=== Begin Enclosure ===

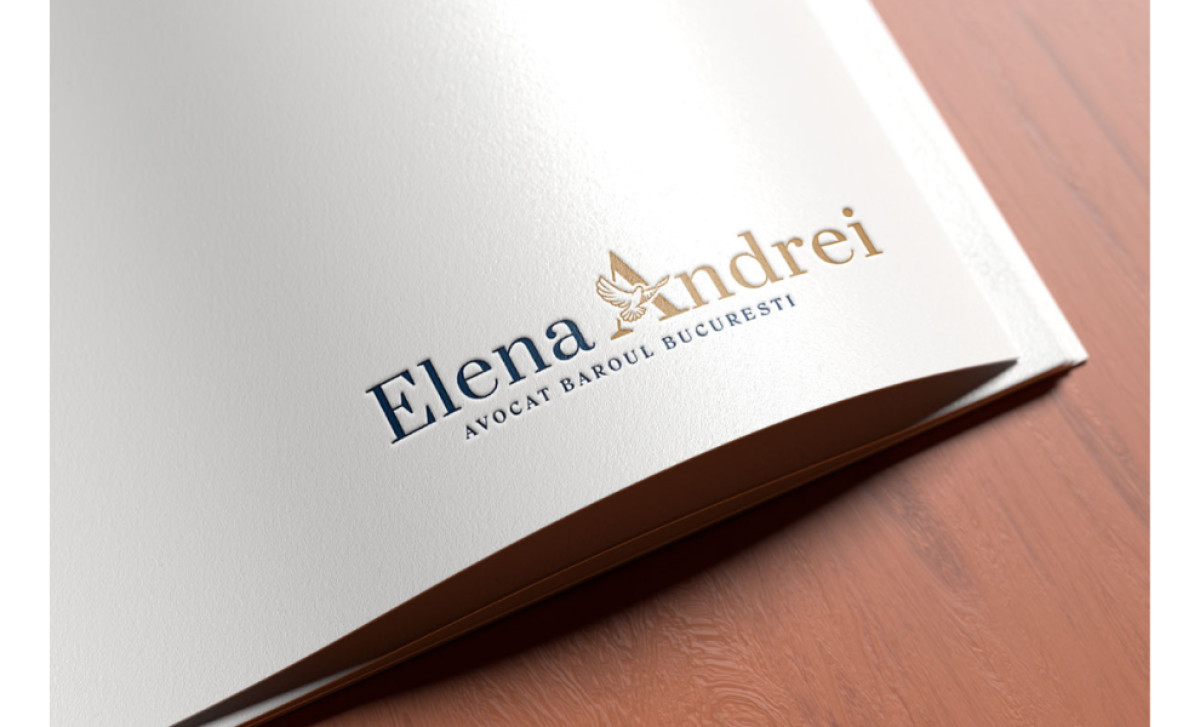 The gold detailing further enhances the design's premium appeal, reflecting the high standards of service Elena Andrei offers. This versatile and timeless palette elevates the logo's aesthetic and solidifies its association with excellence and justice, creating a solid and consistent visual identity across all branding materials.
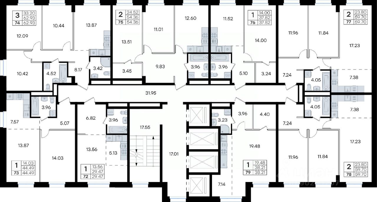 Продается 3-комн. квартира на 10-м этаже в жилом комплексе GloraX Тухачевского — современном проекте нового формата в престижном районе Владивостока. Общая площадь лота составляет 62,93 кв. м, из которых 33,20 кв. м отведено под жилую и 13,87 кв. м под кухонную зону. Номер квартиры - 74.
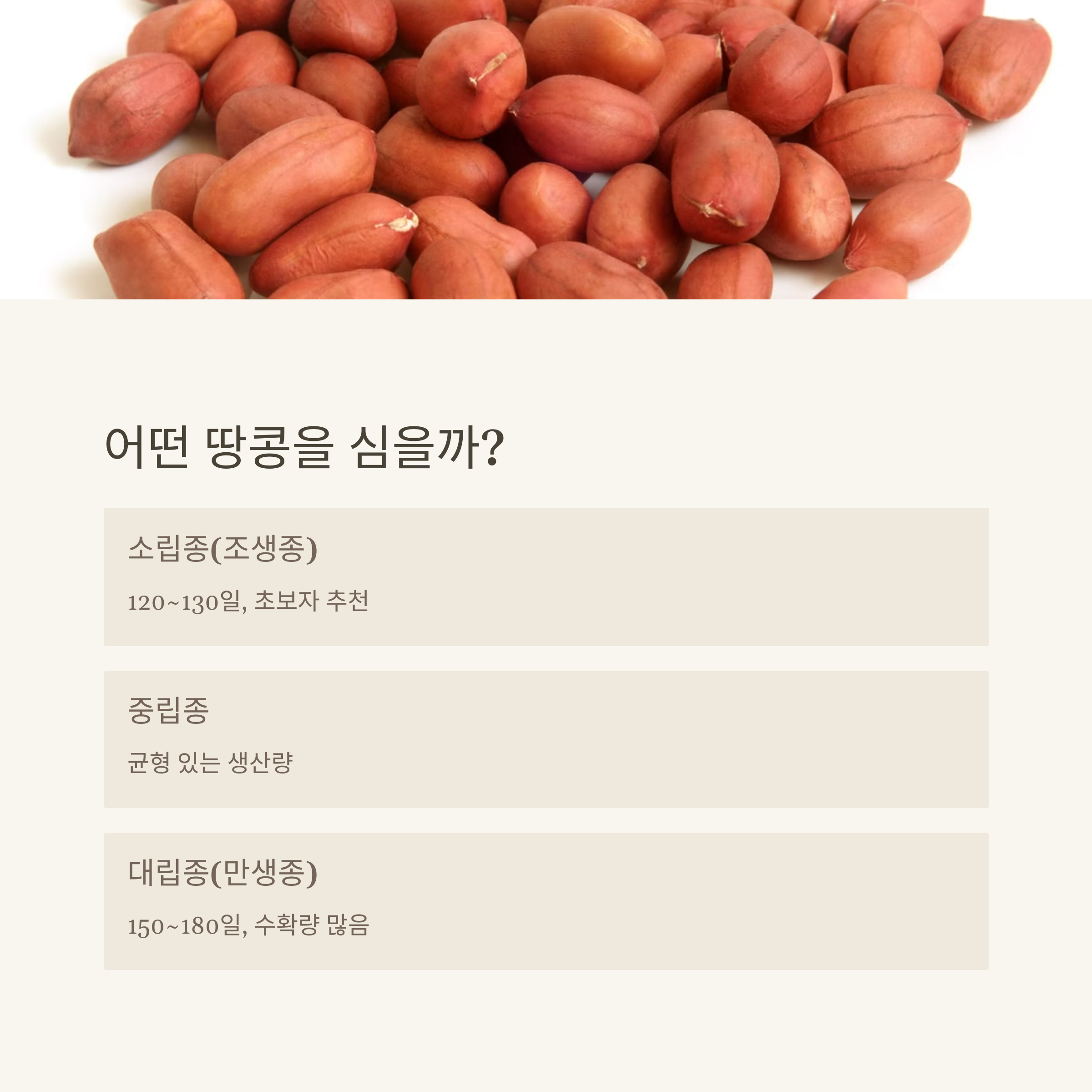 땅콩 품종은 생육기간과 특성에 따라 소립종(조생종), 중립종, 대립종(만생종)으로 나뉘어요.
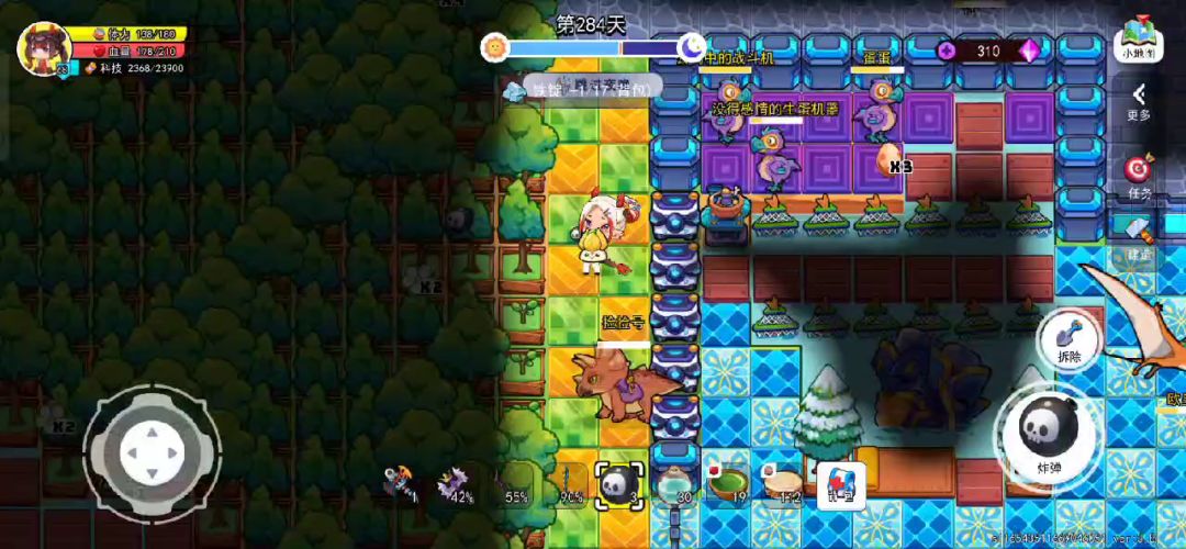 新建帖子后面会不断完善~1.新手第一个科技升级一定要优先升级资源管理!2.按照任务锻造台做完之后,可以做一些箱子来放一些不怎么会用到的物品3.驯养恐龙可以预判恐龙走位然后放捕兽网在地上,这样补捉到恐龙的概率更高
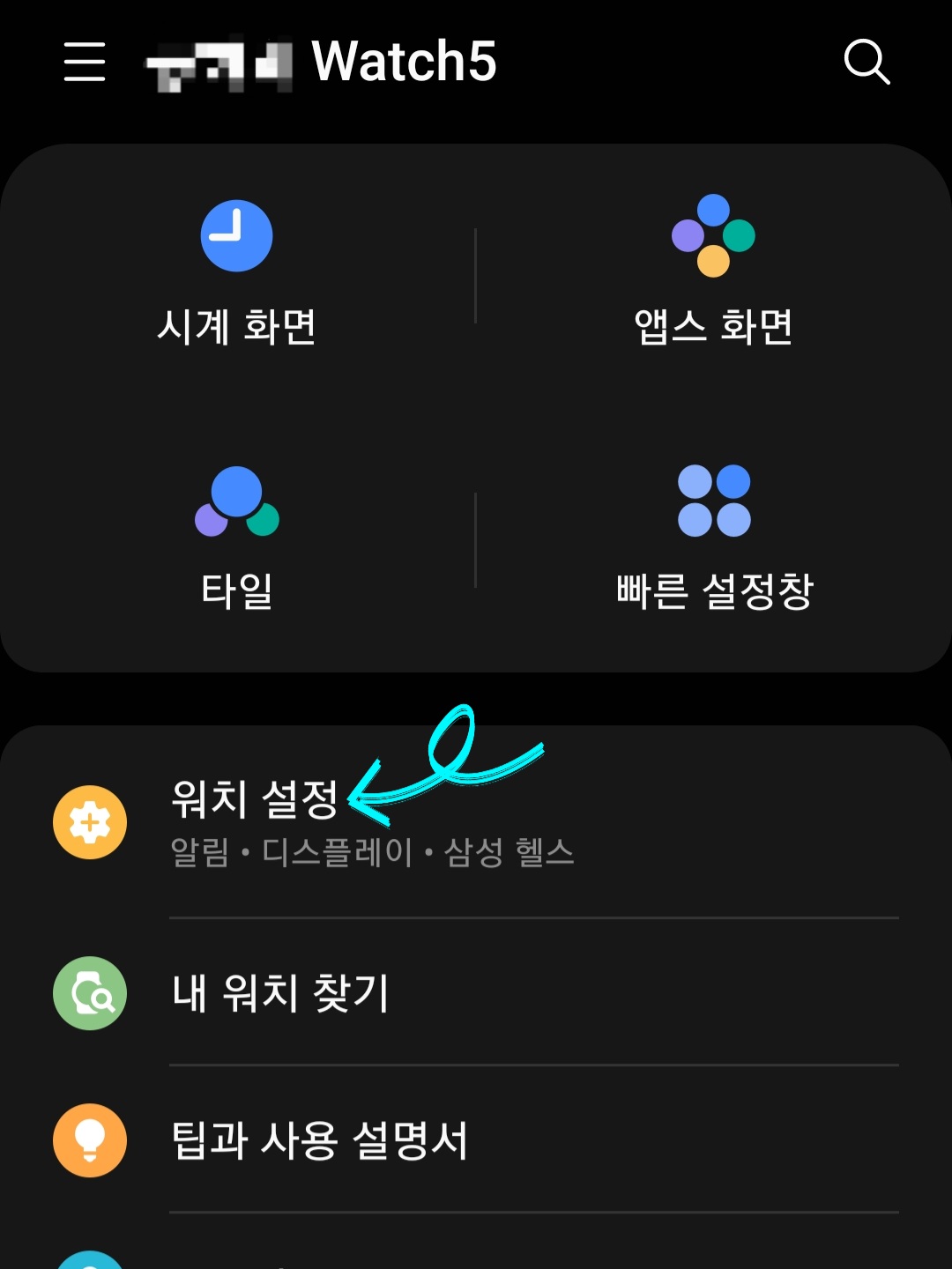 ▼만약 갤럭시 워치로 저장되어 있던 음악을 삭제했지만 며칠 뒤 다시 삼성 뮤직 앱에 들어가 보니 삭제했던 음악이 다시 저장되어있다면 갤럭시 워치랑 연동되어있는 핸드폰을 통해 깔끔하게 삭제할 수 있습니다. 우선 워치랑 연동된 핸드폰으로 [Galaxy Wearable(갤럭시 웨어러블)] 앱을 실행한 다음 [워치 설정]을 클릭해주세요.
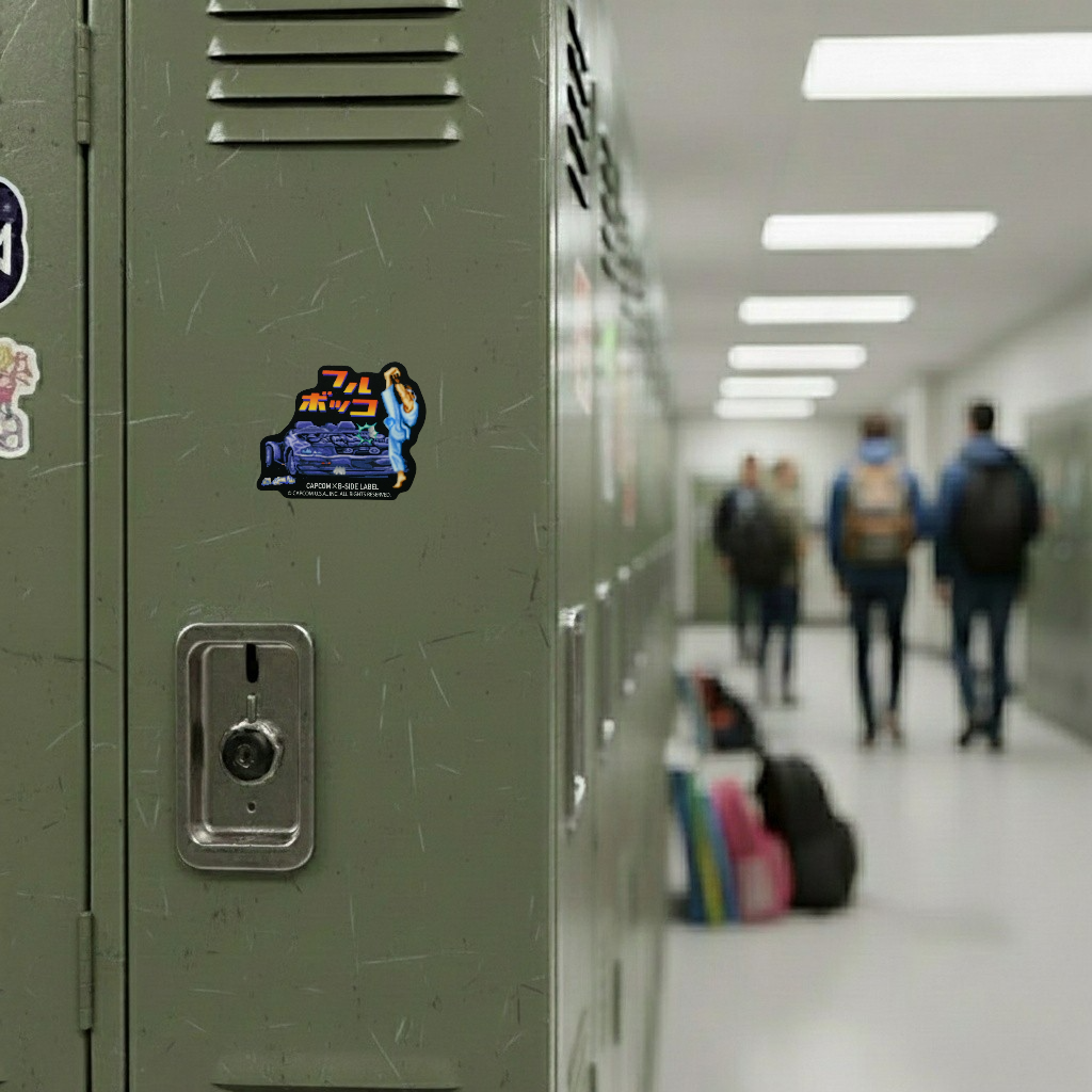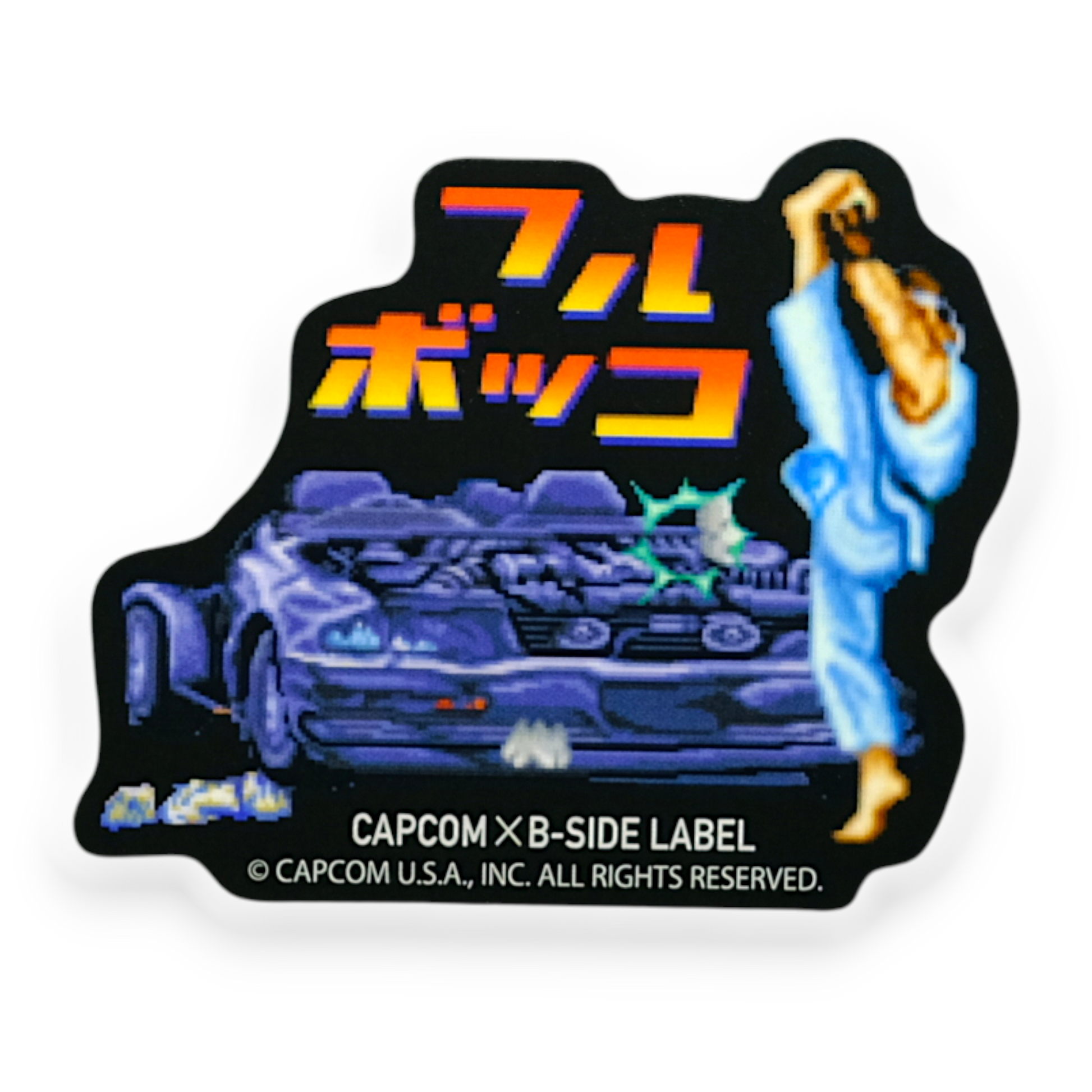 This retro-style B-Side Label collaboration with CAPCOM brings back one of gaming’s most iconic moments — the car-smashing bonus stage from Street Fighter! Featuring pixel-perfect art and bold Japanese lettering, this sticker captures pure arcade nostalgia in collectible form.

=== End Enclosure ===

Action item: In the copy, include each line from the start of the material through the line with "Продается 3-комн. квартира", word for word, but none of the pictures.

Solution to the exercise:
 The gold detailing further enhances the design's premium appeal, reflecting the high standards of service Elena Andrei offers. This versatile and timeless palette elevates the logo's aesthetic and solidifies its association with excellence and justice, creating a solid and consistent visual identity across all branding materials.
 Продается 3-комн. квартира на 10-м этаже в жилом комплексе GloraX Тухачевского — современном проекте нового формата в престижном районе Владивостока. Общая площадь лота составляет 62,93 кв. м, из которых 33,20 кв. м отведено под жилую и 13,87 кв. м под кухонную зону. Номер квартиры - 74.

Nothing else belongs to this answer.